Una ricchezza naturale da investigare, monitorare e conservare.
Caratterizzata da montagne, ghiacciai, fiumi, fiordi, paludi e foreste primarie, la Patagonia cilena è
anche una delle più grandi riserve d’acqua dolce sul pianeta, che possiede due dei più grandi campi
di ghiaccio dopo quelli del Groenlandia e dell’Antartico.
In particolare la regione di Aysén, sulla punta australe del continente, è una zona fondamentale per
gli ecosistemi unici che ospita, per le foreste native e le numerose specie endemiche che la
caratterizzano. Su questo territorio di 108.949 km2 (un terzo dell’Italia) fino a poco tempo fa
totalmente incontaminato, oggi vivono poco più di 90.000 persone, con una densità abitativa fra le
più basse al mondo (0.8 abitanti al km2). La maggior parte della popolazione vive nelle aree rurali e
l’economia della regione si basa essenzialmente sull’allevamento, l’agricoltura e l’ecoturismo.
Per millenni l’uomo ha vissuto su questo territorio in armonia con l’ecosistema, ma negli ultimi
decenni l’incremento demografico ha aumentato la pressione delle attività umane a causa
dell’intensificarsi di pesca, allevamento e deforestazione. Nonostante la densità di popolazione della
Patagonia rimanga una delle più basse al mondo, le attività umane hanno avuto nell’ultimo secolo
impatti rilevanti provocando un uso sempre più intensivo delle terre ed una progressiva diminuzione
delle risorse biologiche.
Il prezioso e fragile ecosistema è quindi oggi sempre più minacciato dallo sfruttamento forestale e
idroelettrico, dall’estrazione di idrocarburi e minerali e dagli allevamenti intensivi. A questo si
aggiunge la nuova minaccia rappresentata dal cambiamento climatico. Il ritiro dei ghiacciai
aumenta infatti pericolosamente, alimentando a livello planetario una crescente aridità delle zone
interne e frequenti inondazioni nelle zone costiere.

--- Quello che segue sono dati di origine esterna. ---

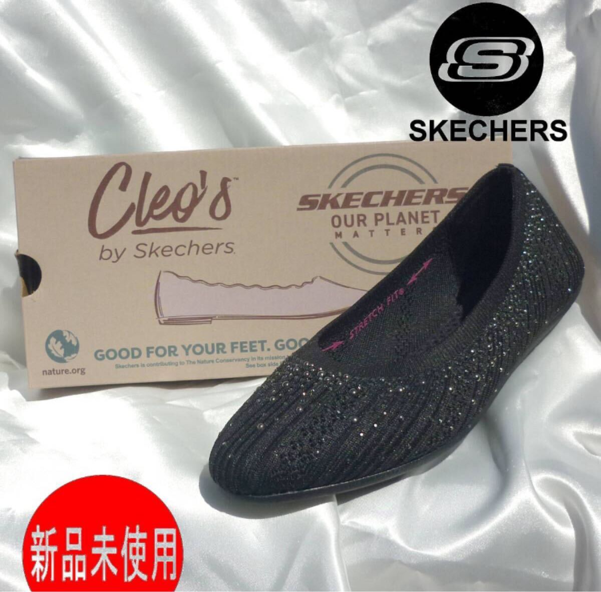> 新品23cm(22.5cm相当)スケッチャーズ ★CLEO 2.0-GLITZY ラインストーン黒2E パンプス フラットシューズ

L’acqua, elemento fondamentale nella conservazione di tutti gli ecosistemi e degli equilibri
climatici globali è, oggi, una risorsa sempre più scarsa. Per questo va tutelata e il suo uso preservato
da uno sfruttamento indiscriminato.
Il problema
La nuova minaccia che grava sulla Patagonia cilena e sul territorio della regione dell’ Aysén è un
megaimpianto idroelettrico sui fiumi Baker e Pascua, due dei tre fiumi con la maggiore portata
d’acqua di tutto il paese: il Pascua è lungo 73 km con una portata di 700 m3/s, mentre il Baker 182
km, con una portata di 870 m3/s.
Questa zona è stata dichiarata dal governo regionale Area di Conservazione della Cultura e
dell’Ambiente (ACCA de la Patagonia) nel 2000.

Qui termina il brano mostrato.